Action item —
Retype only the lines below from the one with "2016年5月24日下午,为" to the one with "Action ) まとめ", inclusive, skipping every image.

== Input data

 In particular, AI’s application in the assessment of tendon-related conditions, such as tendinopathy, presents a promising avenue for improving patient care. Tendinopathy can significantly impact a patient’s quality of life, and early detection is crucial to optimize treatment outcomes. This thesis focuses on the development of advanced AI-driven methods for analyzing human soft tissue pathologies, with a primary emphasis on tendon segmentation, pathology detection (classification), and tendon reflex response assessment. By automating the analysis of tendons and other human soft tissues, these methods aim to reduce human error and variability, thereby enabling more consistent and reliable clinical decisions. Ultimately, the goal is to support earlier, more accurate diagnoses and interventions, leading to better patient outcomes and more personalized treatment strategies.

====
== Input data

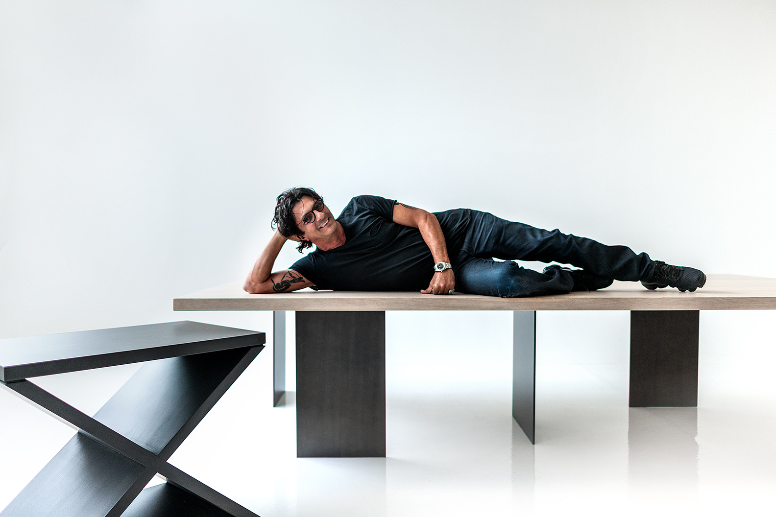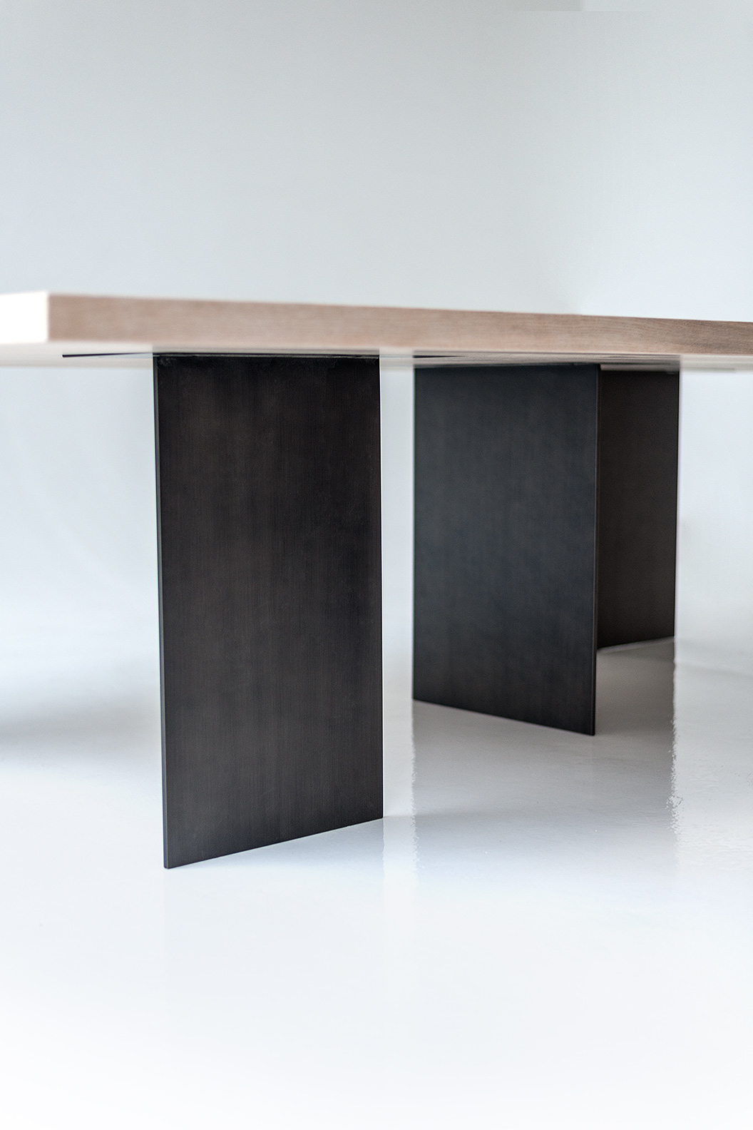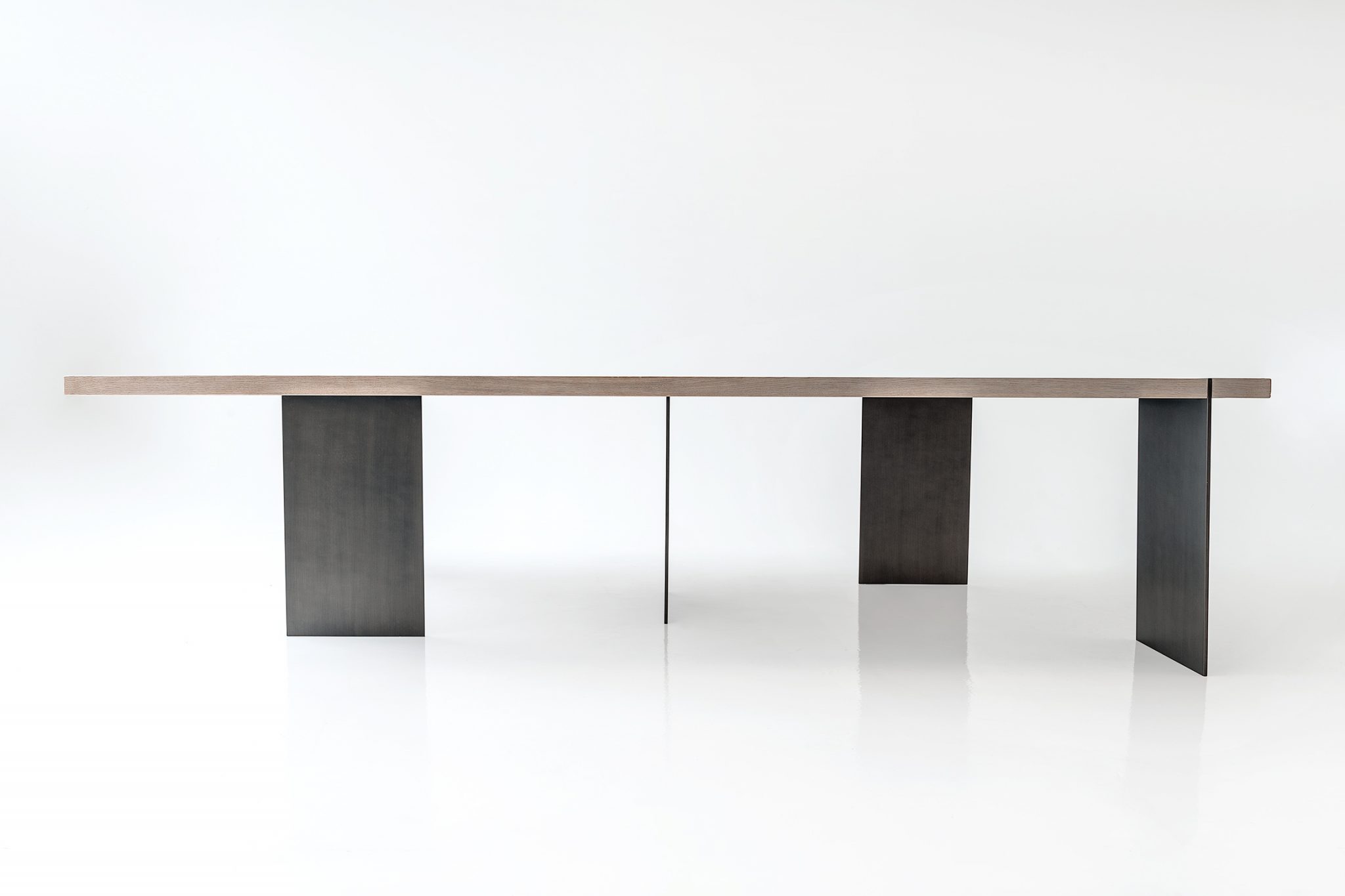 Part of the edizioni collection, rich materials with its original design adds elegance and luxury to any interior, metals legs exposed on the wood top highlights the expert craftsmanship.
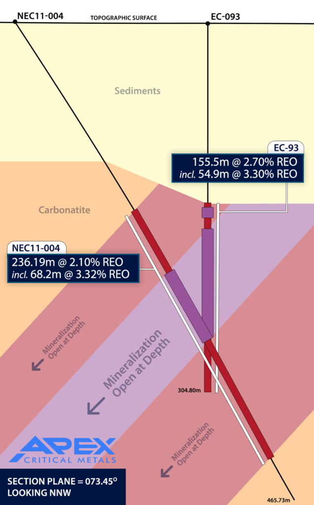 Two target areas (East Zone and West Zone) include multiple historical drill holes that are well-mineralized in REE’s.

====
== Input data

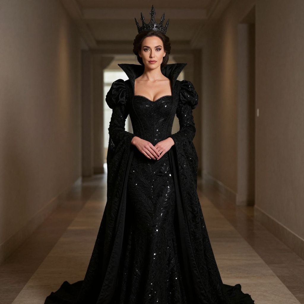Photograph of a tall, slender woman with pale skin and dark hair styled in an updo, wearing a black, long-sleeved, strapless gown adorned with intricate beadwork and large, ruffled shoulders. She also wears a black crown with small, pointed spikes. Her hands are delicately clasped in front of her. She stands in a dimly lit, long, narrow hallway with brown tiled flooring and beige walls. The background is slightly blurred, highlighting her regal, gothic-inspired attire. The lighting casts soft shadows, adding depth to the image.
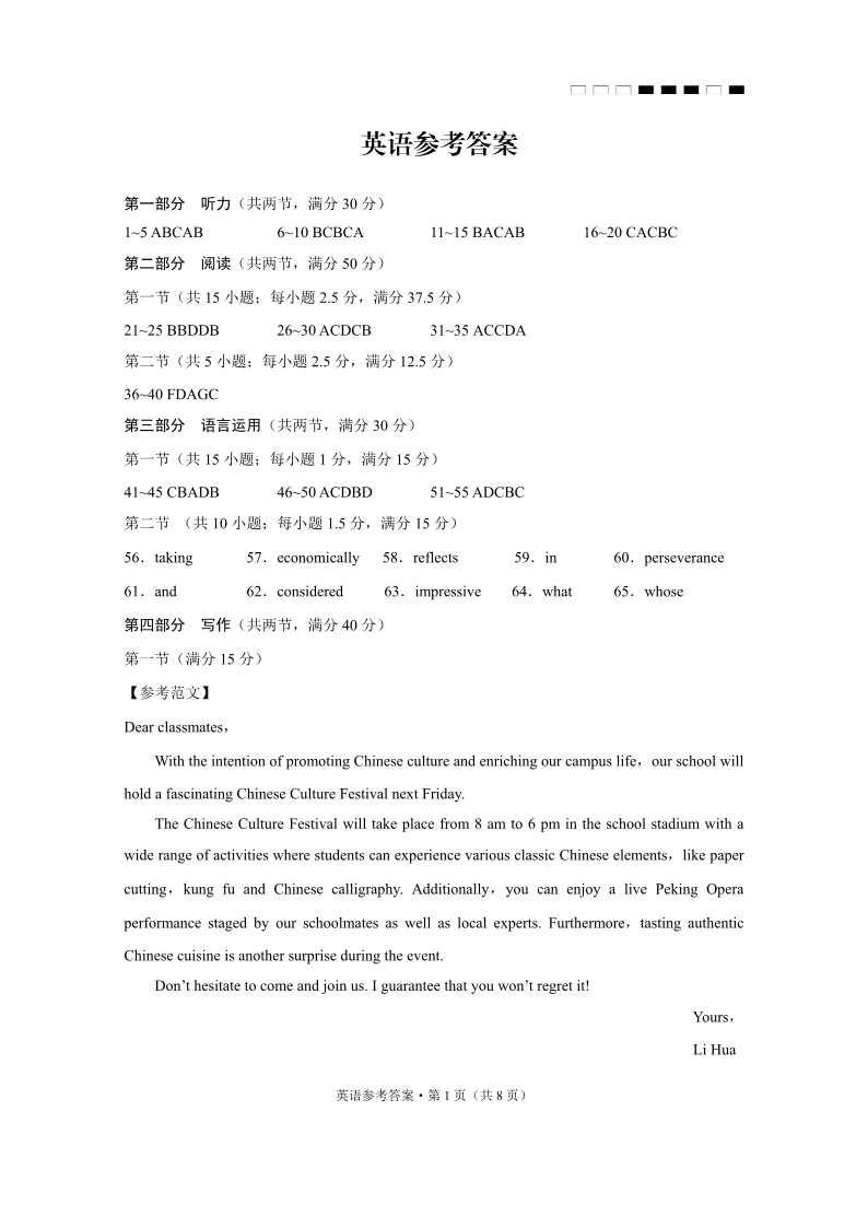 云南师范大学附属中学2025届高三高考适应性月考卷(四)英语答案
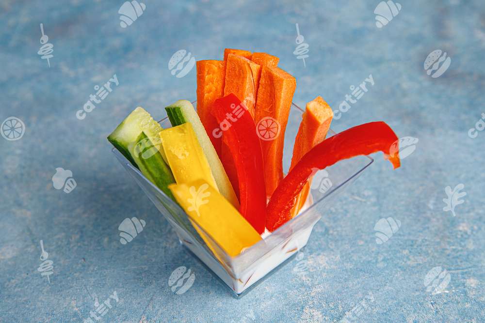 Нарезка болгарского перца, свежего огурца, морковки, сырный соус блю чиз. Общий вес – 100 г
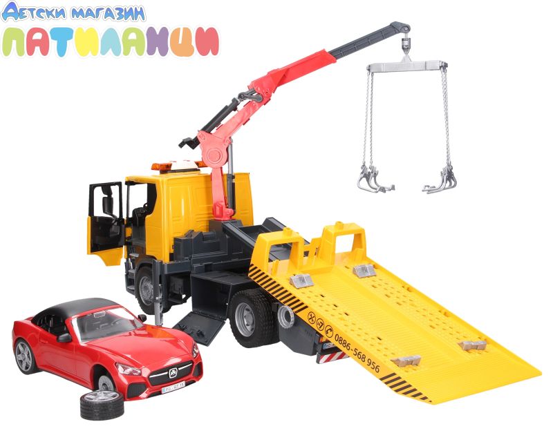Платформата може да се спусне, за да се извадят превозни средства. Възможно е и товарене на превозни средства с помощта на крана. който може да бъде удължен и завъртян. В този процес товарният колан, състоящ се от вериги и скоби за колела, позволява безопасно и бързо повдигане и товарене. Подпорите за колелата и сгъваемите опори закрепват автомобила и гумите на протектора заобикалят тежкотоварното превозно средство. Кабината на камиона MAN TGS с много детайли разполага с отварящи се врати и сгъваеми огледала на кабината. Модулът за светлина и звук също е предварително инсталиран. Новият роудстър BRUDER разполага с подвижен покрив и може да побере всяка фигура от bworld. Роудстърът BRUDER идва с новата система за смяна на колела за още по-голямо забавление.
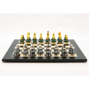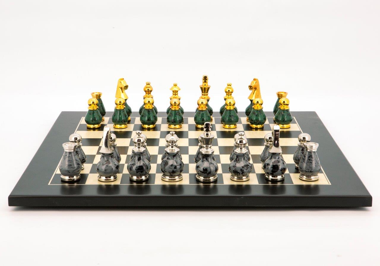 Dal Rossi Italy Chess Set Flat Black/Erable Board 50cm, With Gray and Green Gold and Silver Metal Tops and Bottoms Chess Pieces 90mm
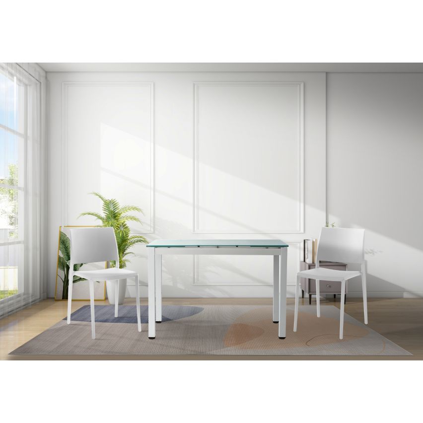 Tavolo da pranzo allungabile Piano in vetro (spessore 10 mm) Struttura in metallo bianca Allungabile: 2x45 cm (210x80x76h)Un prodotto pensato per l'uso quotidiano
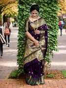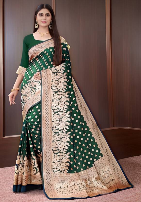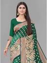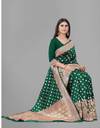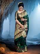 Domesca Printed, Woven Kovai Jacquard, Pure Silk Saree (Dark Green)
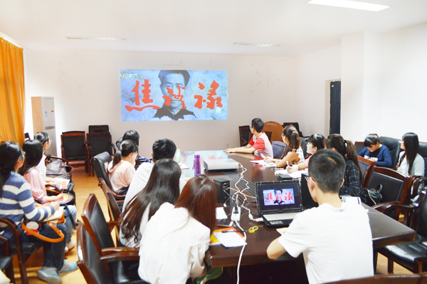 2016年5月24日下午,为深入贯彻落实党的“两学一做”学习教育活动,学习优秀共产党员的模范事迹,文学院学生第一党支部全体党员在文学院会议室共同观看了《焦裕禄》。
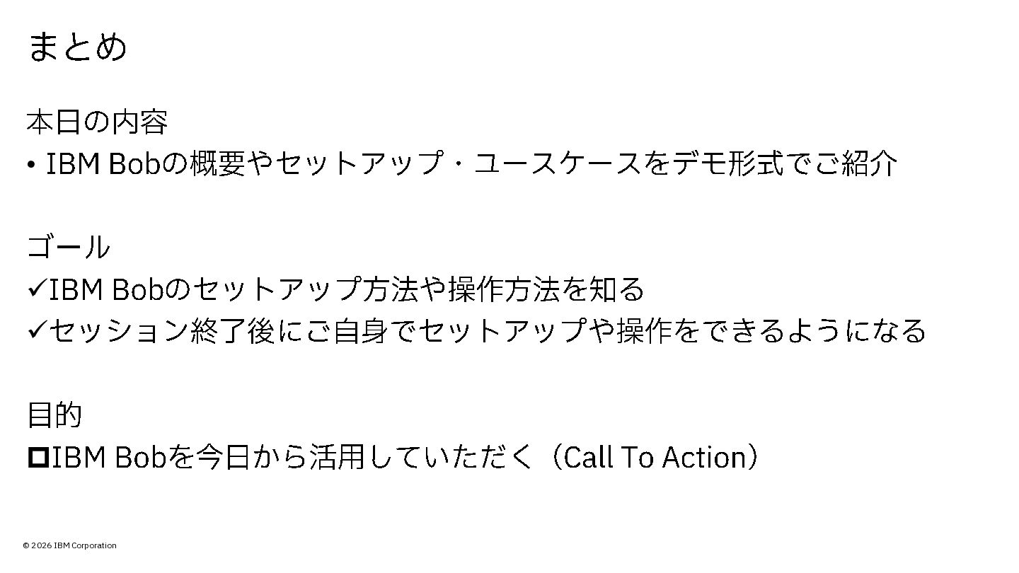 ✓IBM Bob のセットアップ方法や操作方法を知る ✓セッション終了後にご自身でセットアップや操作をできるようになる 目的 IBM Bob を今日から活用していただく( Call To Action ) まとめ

====

Response below —
 2016年5月24日下午,为深入贯彻落实党的“两学一做”学习教育活动,学习优秀共产党员的模范事迹,文学院学生第一党支部全体党员在文学院会议室共同观看了《焦裕禄》。
 ✓IBM Bob のセットアップ方法や操作方法を知る ✓セッション終了後にご自身でセットアップや操作をできるようになる 目的 IBM Bob を今日から活用していただく( Call To Action ) まとめ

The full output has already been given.